In Graphics, we continue to see adoption of our technology as customers increasingly go digital. Our new HP Stitch portfolio is being positively received by customers and we’ve had several key wins with our HP Indigo Packaging presses. We are also launching new products to address customer needs and adapt to the realities of today's marketplace.
In Q3, we introduced HP Never Stop Laser, the first of its kind in the industry, designed for small business owners in emerging markets. It features toner that can be reloaded in 15 seconds with capacity of up to 5,000 pages with a very competitive cost per copy. We also unveiled HP Smart Tank for home printing, which delivers best-in-class print quality and Ink Tank experience allowing for up to 38% faster printing compared with previous generation.
Turning to Supplies. This category remains a work in progress, particularly in EMEA. We’ve been aggressively addressing supplies and we’re making progress relative to the strategic and operational initiatives we outlined on prior earnings calls. Strategically, we’re growing our contractual businesses and adapting our business models.
Operationally, among other actions we’ve made and continue to make improvements in our business management systems, strengthen our pricing discipline, improve our channel partnerships and lower EMEA channel inventory levels in the Tier 1 and monitored Tier 2 ecosystem. We are also making senior leadership changes in EMEA. We believe these are all important steps in the right direction and there's still more work to do.
We acknowledge that these changes are having a short-term impact on EMEA's results both in terms of the immediacy and the extent of the impact in the second half of fiscal '19. In addition, we are also seeing increasing macroeconomic softness, particularly in EMEA where we saw the most significant revenue declines and industry-wide signs of market softness. This contributed to Q3 supplies revenue being below our prior expectations.

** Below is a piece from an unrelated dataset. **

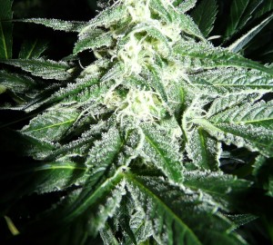 De planten staan er heel mooi bij, de kleur is prachtig donkergroen en de bladeren hebben een mooie glans over zich. Dit zijn gezonde planten. Ook de THC productie draait op volle toeren en de ruimte is ondertussen permanent gevuld met een heerlijke geur. Ik heb een foto genomen van een plant naast een honkbalknuppel zodat je de omvang ervan goed kunt zien. Ik verwacht dat de hoofdtoppen over een week of vijf ongeveer zo groot zullen zijn als de knuppel.

We are focused on doing the right things structurally and operationally for the business, but we need to do more. We are making significant changes in our cost structure and demonstrating market leadership with the scale to navigate a dynamic environment.
Turning to our 3D printing business. This quarter marked another set of important milestones. We opened the doors to 150,000 square foot 3D printing center of excellence in Barcelona. This is HP innovation at its best, bringing together the strength of HP's resources along with our partners and customers and what we believe is the largest and most advanced 3D printing and digital manufacturing R&D center in the world.
We also continue to drive installations with industrial-grade customers and are seeing early traction for our Multi Jet Fusion 5200 solution. We are especially pleased to see customers embracing new data and software capabilities to achieve new levels of industrial manufacturing predictability, reliability efficiency and quality.
Lastly, as we grow our business, we continue to do so in ways that serve the needs of our people, planet and communities. In Q3, we published our annual sustainable impact report documenting the progress we are making. These are not just the right things to do. They’re the right things to do for our business. For example, as sustainable impact programs contributed to more than $900 million of new revenue in 2018, and that's a 35% increase versus the prior year. And we believe this will be a growing source of competitive advantage for HP in the years ahead.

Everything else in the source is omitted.